1. 7

  2. 4

    This is okay, but there are a couple of interesting quirks to it.

    For one, it’s missing some important operations-side stuff. Off the top of my head, I’d add “High Availability/Redundancy”, “Auditable Access Control”, “Disaster Recovery”, “Geographic Distribution”.

    A pet peeve of mine: on one hand it assumes that application state should be eliminated in all cases for scalability, on the other hand it has an entire section devoted to database management. Every nontrivial application has state at some level, and scalability has to take that into account – databases scale differently, but they still need to scale.

    Finally, it seems to concentrate on containers as the ne plus ultra of certain tech paths. If the goal of “Setting up development environment” is fast provisioning for new developers, then wouldn’t spinning up a VM meet that just as well as spinning up a docker container, assuming both can be done in minutes? For that matter, wouldn’t having a library of unallocated bare-metal servers with fast automated provisioning provide the same benefit?

    Compare “Database dumps for development environment”, which is largely technology-agnostic. As long as the system is automated and sanitizing, then it passes. Considering that containers should generally not be used to deploy databases, I’m glad for this. My recommendation is to take that results-oriented definition style and use it as a template to go back and rework the other sections.

    1. 4

      I think it works best if you take it as a list of areas that a company can be competent-or-not in, rather than a list of areas that every company should try to be competent in. Even when a concern such as database management doesn’t apply, the very least a company should try to do is be aware that they are avoiding this concern and that they might have a need for it in the future.

      1. 2

        So, you point out a thing here which is exactly sort of the thing that makes submissions like this worth discussing. You’d suggested things like:

        I’d add “High Availability/Redundancy”, “Auditable Access Control”, “Disaster Recovery”, “Geographic Distribution”.

        Now, I agree with those–if you’re a business at scale, and it solves problems you have.

        For example, if I’m a small ecommerce company doing custom manufacturing for, say, local clients, then Disaster Recovery (yay tapes and stanby hardware) is still useful to me. Geographic dstribution, though, is not.

        A lot of times I fee like these matrices are targeting companies that have followed a particular (GOOG wannabe) trajectory, and they tend to condemn perfectly healthy shops that don’t happen to fit that mold.

        1. 1

          Sure, it was a top-of-head list. Upon reflection, geographic distribution should probably be part of high availability/redundancy. Indeed, following my own advice of being results-oriented, it shouldn’t be called out as a separate thing at all. And “High Availability” is a consideration for anyone with a web presence, even if it’s just putting up a static page when the site’s unavailable – even if your customers aren’t awake, search engine crawlers are.

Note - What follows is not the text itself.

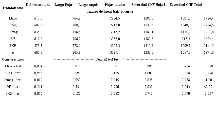 Las fuentes de Si mostraron incrementos en el crecimiento y tolerancia a CNF en vivero de palma aceitera (Cuadro 5). Al evaluar las variables morfológicas cada 45 días, el índice de área bajo la curva (abc) en el diámetro de bulbo presentó diferencia significativa (α = 0,01) en el Simag en comparación al test (testigo) según la prueba de Dunnett test (pr >| t |). El abc en el largo de hoja y largo de raquis no mostraron incrementos importantes en relación con el testigo. No obstante, se encontraron diferencias estadísticas en el abc de hojas totales en Simag y SiF en comparación al testigo (p<0,028). En relación con la incidencia de las enfermedades foliares en vivero, las mismas estuvieron presentes en todas las evaluaciones y se encontró que el abc en severidad en la hoja 1 y total presentaron diferencias altamente significativas al comparar el tratamiento SiF con el testigo (p<0,001), el resto de los tratamientos no manifestaron reducciones en la severidad.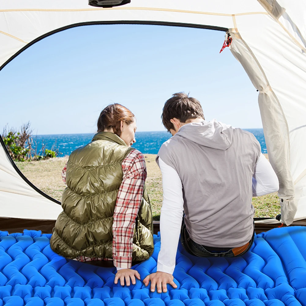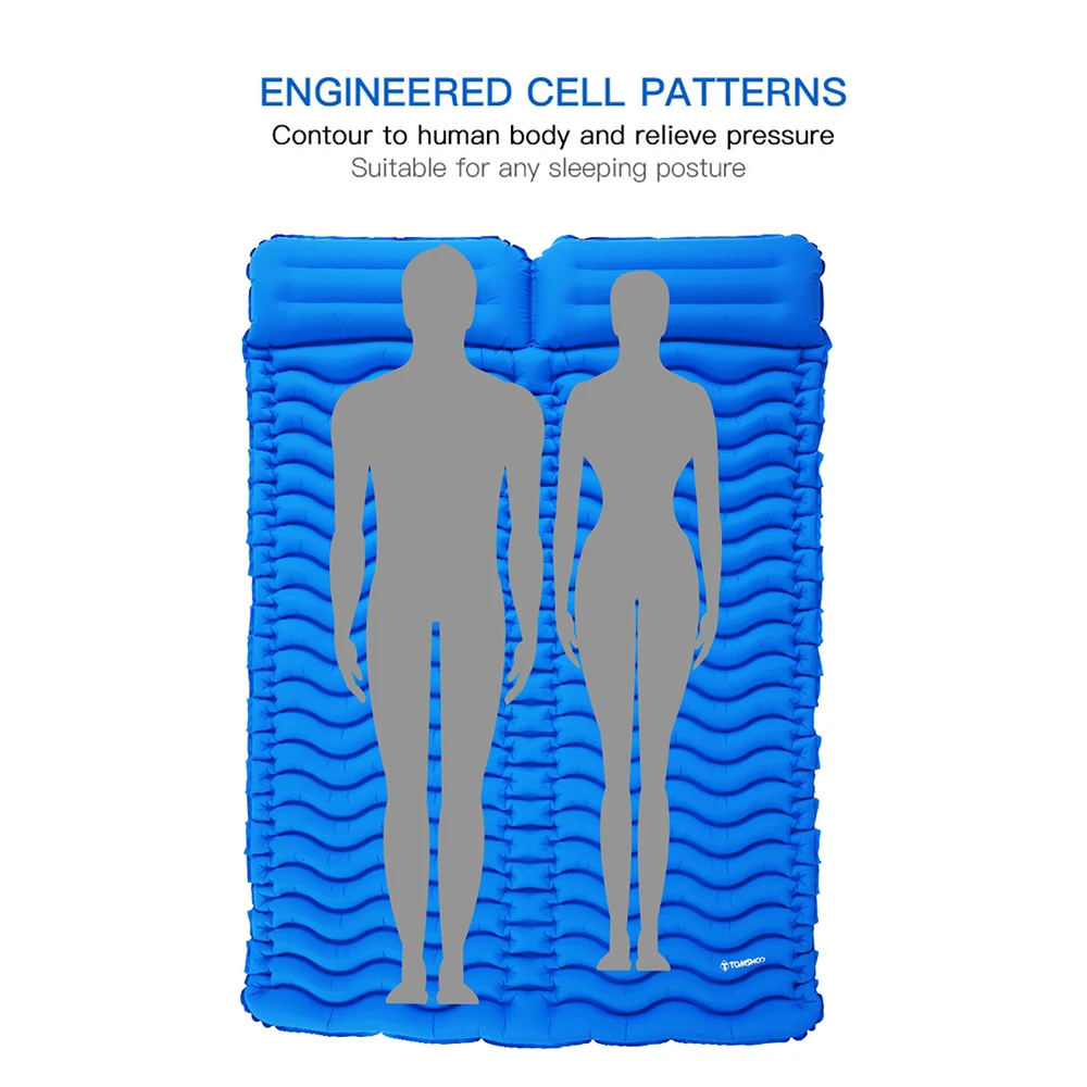Этот коврик для кемпинга с подушкой для 2 человек изготовлен из нейлоновой ткани 40D ripstop с ламинированием из ТПУ, водостойким и прочным. С клапаном быстрого потока, вы можете надуть прокладку в течение 3 минут. Его гибкая структура также идеально подходит для стула или гамака, под/внутри вашего спального мешка, так что вы можете проводить комфортную жизнь даже снаружи. Упакуйте легкую спущенную подкладку в мешок для хранения и положите ее в рюкзак, чтобы организовать новое путешествие.

          Likewise, “Access Control” should still apply. Once you have more than a couple employees, you don’t want all of them to have root access to the production systems. And if you do only have a couple employees, it’s expected that you’ll be on the lower levels of most of these categories.

          1. 1

            if you’re a business at scale

            You have to be a large business to depend on or benefit from a reliable service that’s up when users need it? I doubt it. There’s a lot of potential to differentiate on quality as quite a few small to mid-sized players do. Plus, you never know when the big moment of use for your customers will be. A cheap, HA solution is always good default for mission critical apps.

            I’ll add this might be true to a degree for “problems you have.” I’ve seen quite a few post mortems of startups about how much business they lost when they got a surge of customers their systems couldn’t handle or recover from when crashed. This may be one of those problems you want to make sure you never have. It does depend on the company, though, as there’s a ton of stuff where customers will tolerate downtime.

            EDIT to add: geographic distribution might help you if your local HA solution failed due to electric company or local networking issue. Let’s say they couldn’t access it on the web over local lines but could over a mobile connection that used totally-different connection to your remote site that also used different connection. The remote site may still be up and local users over different network may also still be up. This is why the other box using totally different networks & utility company is a good default vs shared. It can sometimes even cost less than HA in different, local building if the area just has cheap access to the backbone with lots of competition among providers. For instance, my part of the Mid-South is going to have terrible prices for Internet but Chattanooga TN has 10Gbit for $300/mo.

        2. 2

          I disagree with a lot of these sorts of things (mostly because they make too many assumptions about best-practices and business motivations), but this is a decent one. The linked Google Spreadsheet is a really good strawman to think on.